Are you familiar with target date funds?
I can’t help but enjoy saying the phrase, “target date funds,” even if they aren’t ideal for everyone.
Because when it comes to target date funds, as with so many catchy phrases and tag lines, sometimes the packaging outshines what’s inside.
But, first, what are they?
A target date fund is a type of mutual fund (or exchange-traded fund) that is positioned in such a way as to (ideally) peak at a pre-selected point in the future. They are a relatively straightforward, one-size-fits all approach to investing, and their rebalancing is based on your age and proximity to retirement, so they generally (and automatically) become more conservative over time.

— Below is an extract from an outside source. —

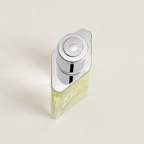 Le flacon aux lignes aérodynamiques, rechargeable, est fait de verre recyclé. Etui fabriqué à partir de pâte à papier ECF (Elemental Chlorine Free/sans chlore élémentaire ou gazeux), comportant au moins 40 % de matières recyclées.LE DÉTAIL HERMÈS

Now there are two kinds of target date funds: target date and target risk.
Target date funds adjust future investment rebalancing based on the year in which you plan to retire. Conversely, target risk funds typically provide you with three levels of investment risk tolerance to choose from.

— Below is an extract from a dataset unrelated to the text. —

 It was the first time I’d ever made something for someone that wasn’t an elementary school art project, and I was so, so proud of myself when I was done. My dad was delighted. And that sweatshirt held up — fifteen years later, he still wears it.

Here are some pros and cons of target date funds.
Pro: They are the default option for employer-sponsored 401(k) plans with automatic enrollments
But of course they are.
An increasing number of people are having their 401(k)s professionally managed by an advisor. But, especially early in your career, if you accept a position with a company that sponsors a defined contribution plan, say, a 401(k), 403(b), or 457, and you are automatically enrolled in their retirement plan, you may initially appreciate the “turnkey” aspects of having your plan contributions invested in a target date fund based on the year in which you intend to retire.
Target date funds in retirement plan accounts are usually simple and offer a comparatively limited number of investment options.
Con: Just because it’s simple doesn’t mean it’s less expensive
Since each fund is a “fund of funds,” consisting of multiple underlying mutual funds, more automatic trading typically occurs in target date funds than with indexed funds.
On top of fees for trades, you may also be paying both an ongoing fee for the fund and an ongoing fee for the management of the fund.
And that means, depending on who you work with, you might be paying more than you would for other comparable-but-more-versatile investment vehicles.
Pro: Some people appreciate fewer choices and a conservative investment approach
Target date funds are sometimes referred to as “set it and forget it” investments. If you plan to retire in 2035, that means you pick a fund with “2035” in its name, and that fund will automatically rebalance to an increasingly conservative allocation the closer you get to your estimated year of retirement.
If a person’s main consideration is asset preservation and simplicity, a target date fund could be a viable option.
Con: Age is often the primary consideration of target date funds
When you work with a fiduciary advisor, you not only get holistic financial planning and investment management, including proactive and responsive guidance, you work together to identify your investment preferences and allocations based on your personal risk tolerances, your short-and-long-term financial goals, changes in your life, preparing for emergencies, big purchases, and a host of other possibilities and outcomes.
The dominant driver of target date funds is a person’s age and proximity to retirement, not their personal preferences or other internal or external economic concerns. Simply, they treat all 57-year-olds (or 59-year-olds, or 63-year-olds...) exactly the same. This could result in an allocation that is both too conservative and not varied or responsive enough for some investors. And so, without professional financial guidance, along with a mix of other investments, that could conspire to leave you short of your retirement goals.
As a reminder, this is merely a general overview of target date funds. You should speak with your advisor if you have any questions or concerns about them. Investment management is complex, and target date funds certainly have a place in some portfolios.
As with all financial planning and investment management considerations, the final decision depends on your unique situation and what your ultimate financial goals are.